I have a list of 528k documents which are in SGML format, an example of one of the documents is as follows:
<DOC>
<DOCNO> FBIS4-46571 </DOCNO>
<HT> "jpuma009__l94008" </HT>
<HEADER>
<AU> JPRS-UMA-94-009-L </AU>
JPRS
Central Eurasia
</HEADER>
<ABS> Military Affairs ARMAMENTS, POLITICS, CONVERSION Nos 1 & 2, </ABS>
<TEXT>
1993
<DATE1> 17 June 1994 </DATE1>
<F P=100></F>
<F P=101> Arms, Military Equipment </F>
<H3> <TI> `Vympel' State Machinebuilding Design Bureau Proposes </TI></H3>
<HT><F P=107><PHRASE> `Vympel' State Machinebuilding Design Bureau Proposes </PHRASE></F></HT>
Cooperation
<F P=102> 94UM0312D Moscow VOORUZHENIYE, POLITIKA,
KONVERSIYA in Russian No 2, 1993 (Signed to press 12 May 93) pp </F>
22-28--FOR OFFICIAL USE ONLY
<F P=103> 94UM0312D </F>
<F P=104> Moscow VOORUZHENIYE, POLITIKA,
KONVERSIYA </F>
<F P=105> Russian </F>
CSO
<F P=106> [Article by "Vympel" State Machinebuilding Design Bureau </F>
Lorem ipsum ........
</TEXT>
</DOC>
I want to extract palin text between <TEXT></TEXT>
, the desired result is as follows:
1993
17 June 1994
Arms, Military Equipment
`Vympel' State Machinebuilding Design Bureau Proposes
`Vympel' State Machinebuilding Design Bureau Proposes
94UM0312D Moscow VOORUZHENIYE, POLITIKA, KONVERSIYA in Russian No 2, 1993 (Signed to press 12 May 93) pp
22-28--FOR OFFICIAL USE ONLY
94UM0312D
Moscow VOORUZHENIYE, POLITIKA, KONVERSIYA
Russian
CSO
[Article by "Vympel" State Machinebuilding Design Bureau
Lorem ipsum ........
Is there a library or tools in Python/Java that that allows doing that ?

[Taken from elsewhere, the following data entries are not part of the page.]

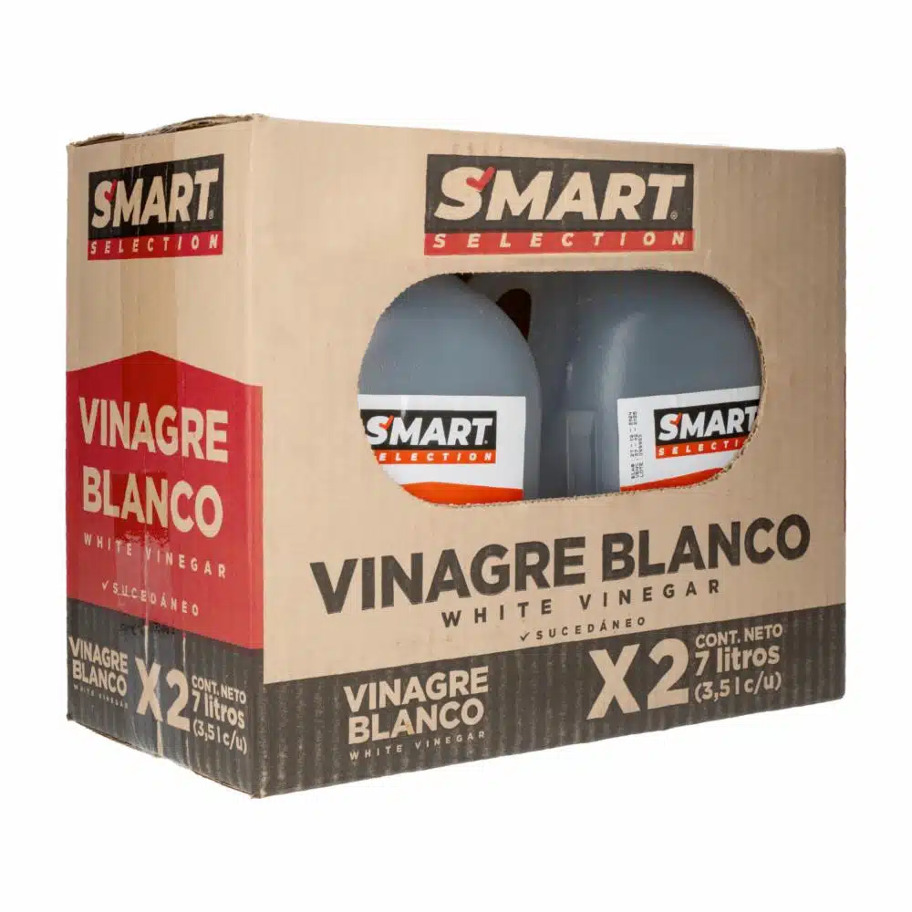 - El Vinagre Blanco Sucedáneo Smart Selection en presentación de 2 unidades de 3500 ml cada una es una opción versátil y económica para tus necesidades culinarias
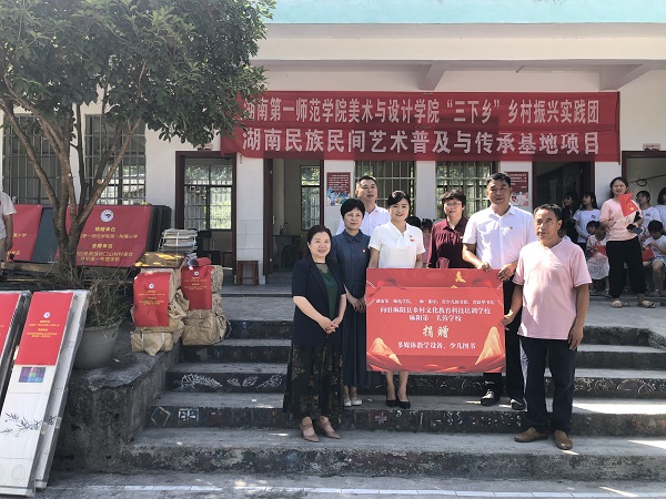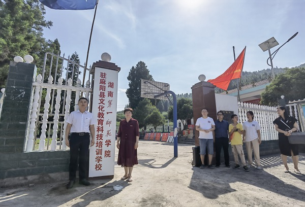 7月15日,校纪委书记李昱带领文学与新闻传播学院、毛泽东与第一师范纪念馆、校团委、一附小等有关单位负责人赴best365官网驻点帮扶村出席best365手机版官方网站驻麻阳县乡村文化科技培训学校揭牌仪式、best365手机版官方网站国家语言文字推广基地乡村振兴语言文字服务站授牌仪式及教学设备、图书等物资捐赠仪式。麻阳苗族自治县副县长周万龙、教育局副局长满炎、锦和镇负责人及麻阳第一芙蓉学校校长、best365手机版官方网站美术与设计学院暑期“三下乡”实践团队全体师生等100余人共同出席仪式。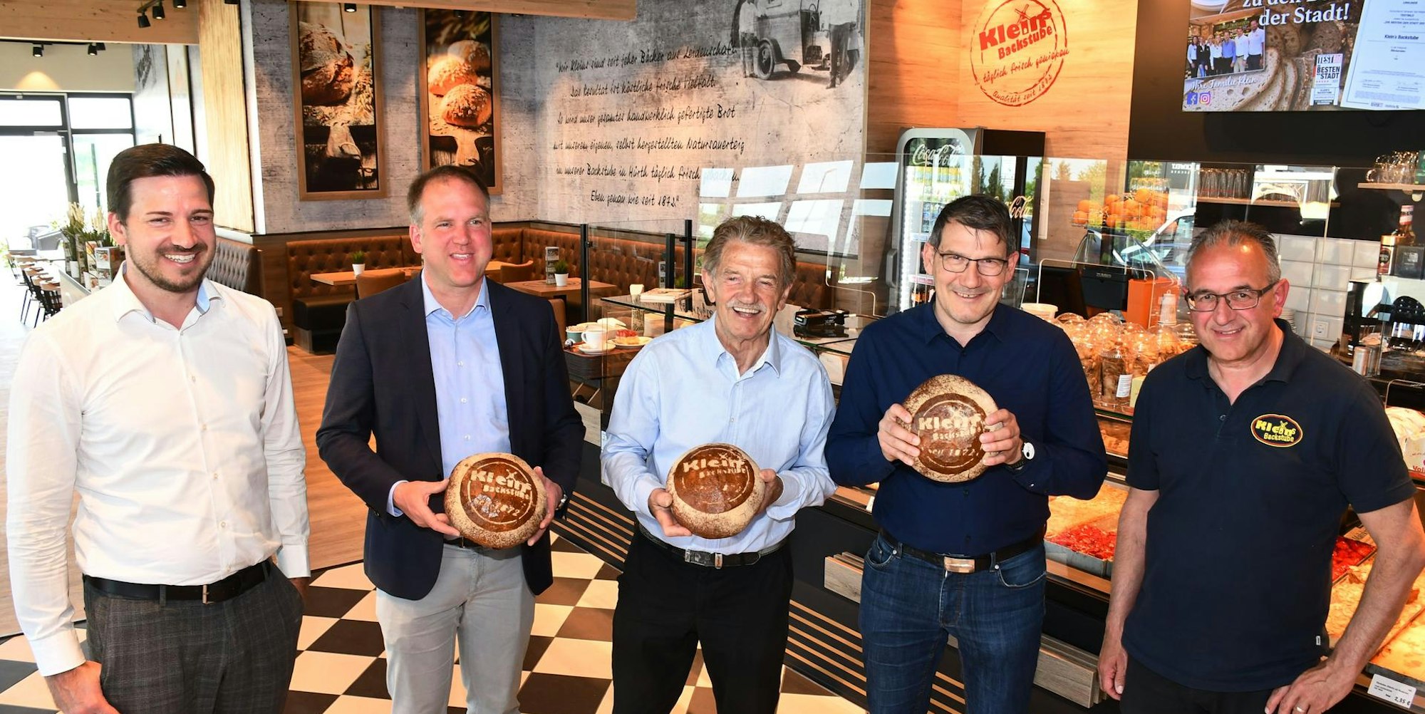 Zur Eröffnung der neuen Bäckerei-Filiale kamen André Klein, Bürgermeister Dirk Breuer, Seniorchef Willi Klein, Oliver Klein und Vertreibsleiter Uwe Nieswandt (v. l.).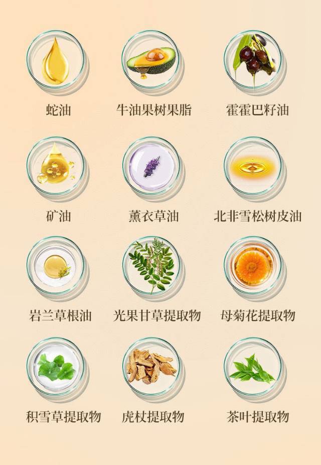 能有这么好的滋润效果,核心在于优质成分与先进技术的搭配。蛇油作为传统滋养好物,自带出色的锁水保湿力,对干裂肌肤能起到修护+补水的双重作用;再搭配霍霍巴籽油、牛油果树果脂,就像给肌肤裹上一层保湿膜,深层锁住水分,不让干燥趁虚而入;更有积雪草提取物、母菊花提取物等植物成分加持,温和不刺激,就算是敏感肌、老人或小孩,也不用担心泛红不适。

You could use BeautifulSoup in python
I tried this code and got the required output.
from bs4 import BeautifulSoup
with open('file.txt','r') as fo:
sgml=fo.read()
soup = BeautifulSoup(sgml,'html.parser')
text_list=soup.find_all('text')
for item in text_list:
lines_in_item=item.text.split('\n')
[print(x.strip()) for x in lines_in_item if x.strip()!=""]
Output
1993
17 June 1994
Arms, Military Equipment
`Vympel' State Machinebuilding Design Bureau Proposes
`Vympel' State Machinebuilding Design Bureau Proposes
Cooperation
94UM0312D Moscow VOORUZHENIYE, POLITIKA,
KONVERSIYA in Russian No 2, 1993 (Signed to press 12 May 93) pp
22-28--FOR OFFICIAL USE ONLY
94UM0312D
Moscow VOORUZHENIYE, POLITIKA,
KONVERSIYA
Russian
CSO
[Article by "Vympel" State Machinebuilding Design Bureau
Lorem ipsum ........
file.txt
<DOC>
<DOCNO> FBIS4-46571 </DOCNO>
<HT> "jpuma009__l94008" </HT>
<HEADER>
<AU> JPRS-UMA-94-009-L </AU>
JPRS
Central Eurasia
</HEADER>
<ABS> Military Affairs ARMAMENTS, POLITICS, CONVERSION Nos 1 & 2, </ABS>
<TEXT>
1993
<DATE1> 17 June 1994 </DATE1>
<F P=100></F>
<F P=101> Arms, Military Equipment </F>
<H3> <TI> `Vympel' State Machinebuilding Design Bureau Proposes </TI></H3>
<HT><F P=107><PHRASE> `Vympel' State Machinebuilding Design Bureau Proposes </PHRASE></F></HT>
Cooperation
<F P=102> 94UM0312D Moscow VOORUZHENIYE, POLITIKA,
KONVERSIYA in Russian No 2, 1993 (Signed to press 12 May 93) pp </F>
22-28--FOR OFFICIAL USE ONLY
<F P=103> 94UM0312D </F>
<F P=104> Moscow VOORUZHENIYE, POLITIKA,
KONVERSIYA </F>
<F P=105> Russian </F>
CSO
<F P=106> [Article by "Vympel" State Machinebuilding Design Bureau </F>
Lorem ipsum ........
</TEXT>
</DOC>